New Zealand’s bioeconomy has grown through areas such as genetic markers, livestock breeding programmes, and in new biomaterials, derived from plant-based materials and waste fibres and effluent from wood processing industries. For example, at Scion, we recently announced we are developing a bark biorefinery which will develop technologies to convert millions of tonnes of bark into high-value material and products such as biofuel, and water repelling polymers (used to make things like paper coffee cups, rainwear and touchscreen coating technology). Around 2.3 million tonnes of bark is produced annually by the New Zealand forest industry, and until now it has remained an underutilised resource.
A global example of the circular bioeconomy in action is TreeToTextile, a joint venture between H&M Group, Inter IKEA group and innovator Lars Stiggson, that aims to develop new textile fibres using pulp from renewable and fully traceable wood from sustainably managed forests. This production process uses less energy and chemicals, allowing for a much more sustainable and cost-efficient process compared to conventional technologies and fibres.
Finland-based pulp and paper manufacturer Stora Enso is going to support the industrialisation of TreeToTextile, through setting up a demonstration plant at one of its Nordic facilities. IKEA and H&M have signed on so they can use the fibre in their furniture and clothing products, but the aim is that the entire industry should benefit from this sustainable fibre since it can be used in conventional supply chains.
New Zealand also has new emerging livestock industries such as scampi, and a number of biotech companies have been created to develop and commercialise nutraceuticals.
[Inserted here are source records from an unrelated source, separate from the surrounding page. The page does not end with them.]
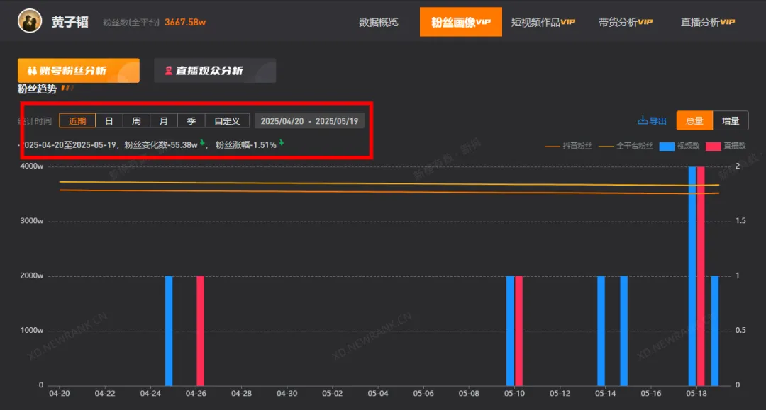 值得一提的是,在这场直播之前,黄子韬抖音账号已经出现持续掉粉的趋势,近30天掉粉55.38万。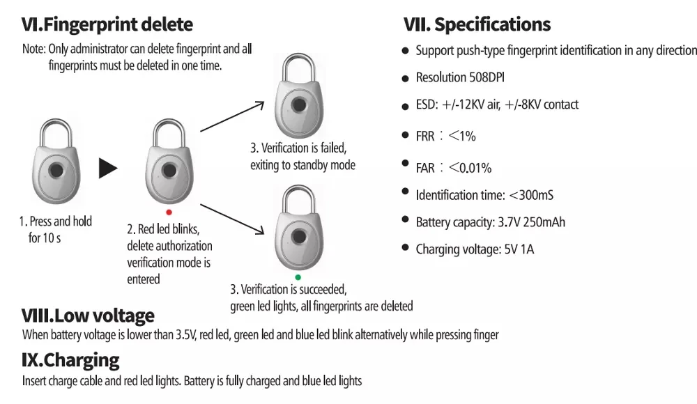 3. Исправлена верфикация, зеленый светодиод-это огни, все отпечатки пальцев удаляются
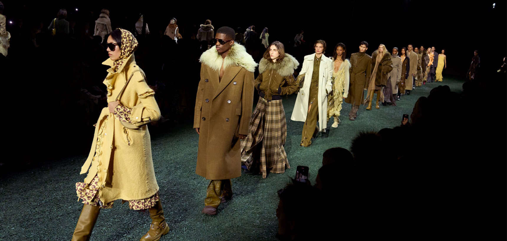 Beyond the trench, Lee played with the idea of field jackets and duffle coats, adding shearling, braided fringing and fleecy wool to give everything a cozy and tactile feel. The color palette was neutral and earthy — this was a return to nature as viewed through a very classic British lens. Speaking of British, the casting felt like a who’s who of every major U.K. model from the last twenty years. Besides Deyn, the show featured Lily Donaldson, Lily Cole, Karen Elson, Edie Campbell, and Naomi Campbell. But the biggest surprise of them all was who closed the show. Phoebe Philo’s daughter Maya Wigram made her runway debut, bringing to mind her mother’s signature cool with her hair tucked into the trench. And before you ask, yes, Naomi Campbell was also on the list. The super may have given Wigram the last position, but she closed the finale walk as the exclamation point to a very English night in the (sort of) country.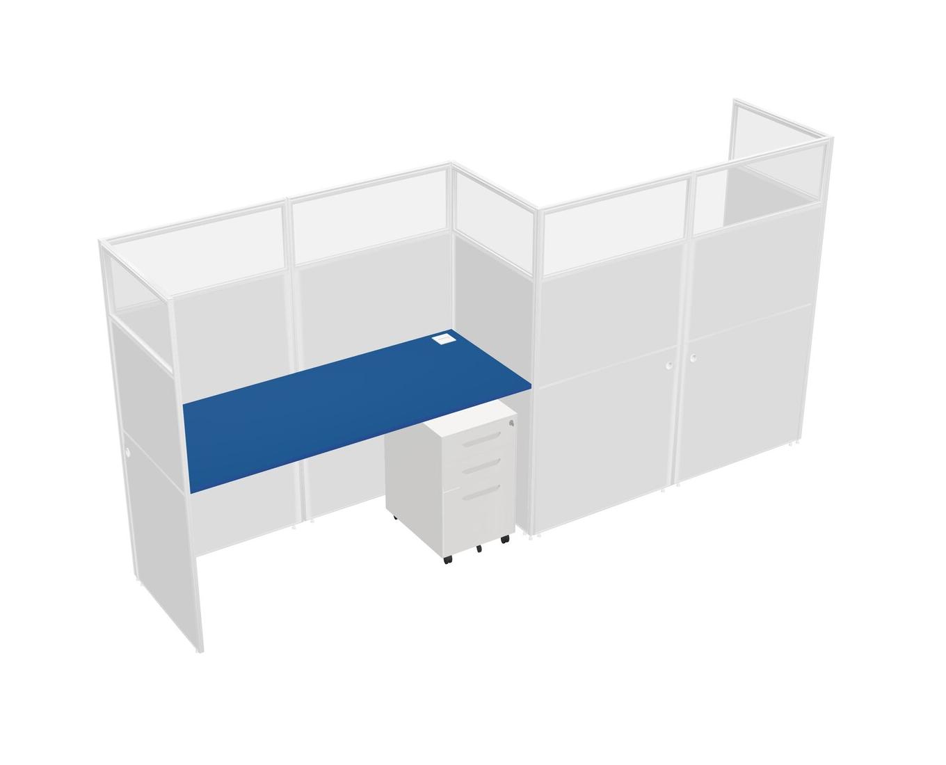 Prism Blue Rectangular Cubicle Workstations For 2 - Zigzag Formation + White Metal Mobile Drawers

However, to realise our potential, and put us on a global competitive footing, New Zealand needs to put sustainability at the top of its agenda. If we had the right investment in systemic change across industries, we could be adding huge value to products, while protecting the environment and enhancing biodiversity.
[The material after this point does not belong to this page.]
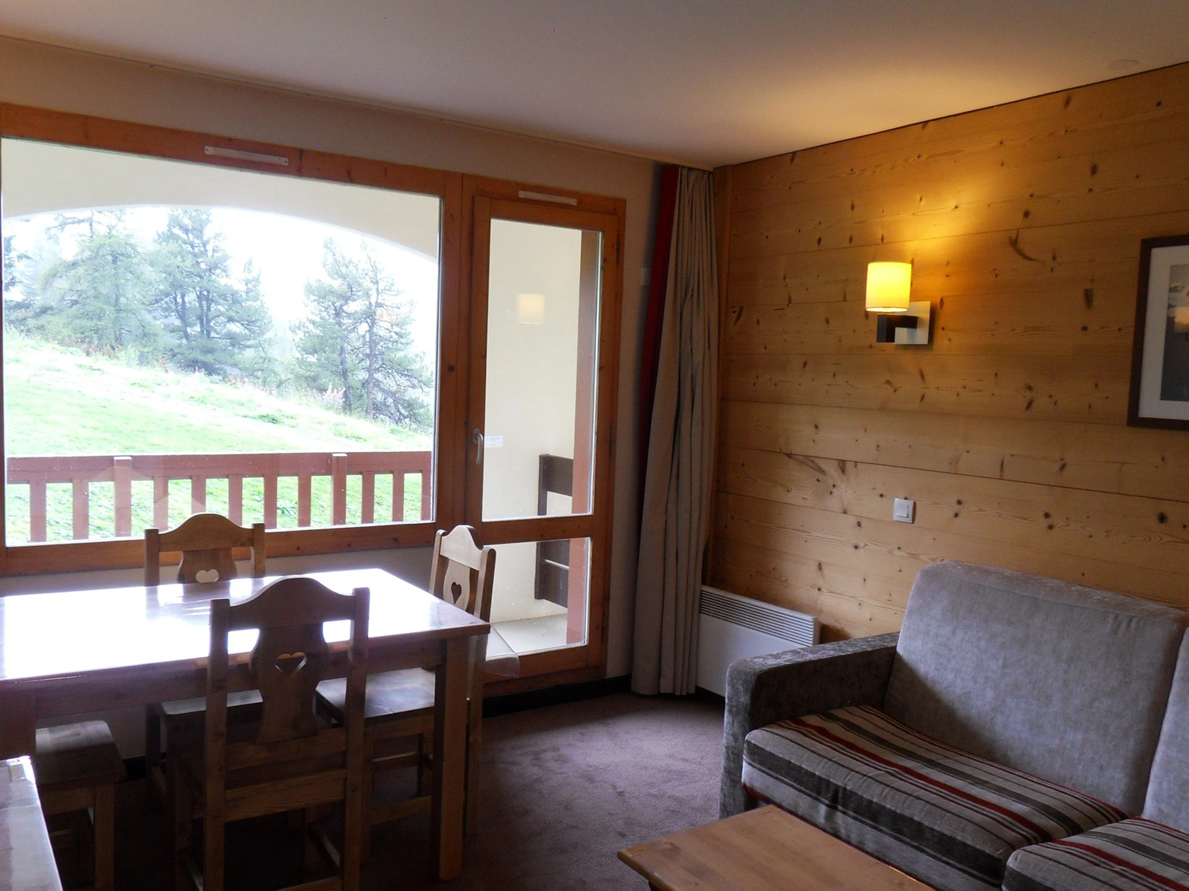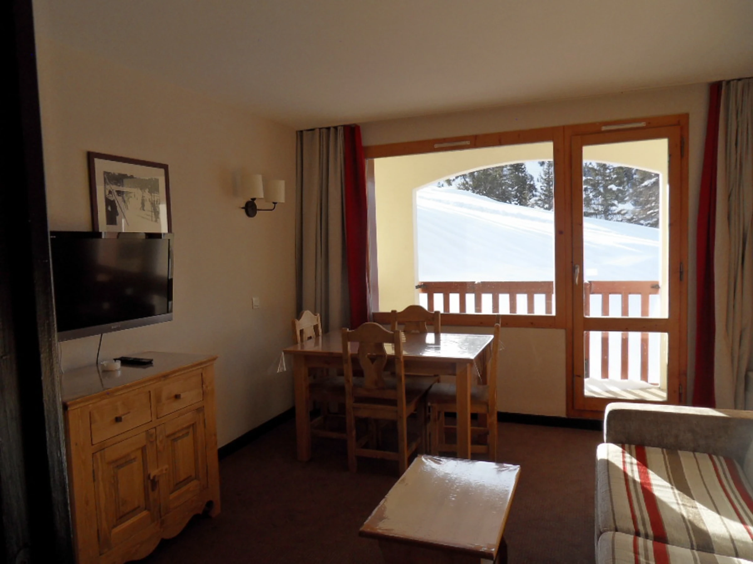 Cet appartement a vue sur les pistes avec un balcon.

There are so many directions that we could go. We could capture methane on dairy farms and use it for fuel (for the milk trucks that go back to the factories), or we could be using waste from the farms to make plastic. We could add value to products through the use of advanced technologies such as seaweed extracts for cosmetics, or deriving high value ingredients from milk. We could convert algae in to fuel, recycle plastic, convert waste in to new furniture or clothing – the possibilities are endless.
To kick New Zealand’s circular bioeconomy into action, we need the Government to put in place a visionary strategy, and make it a central part of policy decisions.
New Zealand is behind the eight-ball on this on the global stage. Sectors in the EU, Japan, and the US see the bioeconomy as a means to re-industrialise across many sectors on the basis of their leadership in the biosciences.
The EU is well down the path of forming a circular bioeconomy, with a strong strategic vision, and waste laws. For example, EU states are required to recycle at least 55% of their municipal waste by 2025, 60% by 2030, and 65% by 2035.
China wants to substitute fuels with renewable resources and Brazil is investing in the bioeconomy to capitalise on its vast biological resources. Over the next 20 years Brazil could have 120 biorefineries – plants that use biomass to produce biofuels, biochemicals and other bioproducts with high added value – which could generate around US$400 billion in investments, according to the Brazilian Industrial Biotechnology Association.
The New Zealand Government needs to co-invest with industry, and support our innovative entrepreneurs with the skills to make this concept a reality. We have relied on our primary dairy exports for too long, and now is the time for us to really shine as an innovative nation. We have the skills to make it happen, we just need to lose our risk adverseness, and preoccupation with short term thinking around cost inputs.
I would encourage local manufacturers to make circular design thinking their main focus, and get ahead of the game.
Elspeth MacRae is the Chief Innovation & Science Officer at the New Zealand Forest Research Institute (Scion), the Crown Research Institute for forestry, wood and biomaterial products.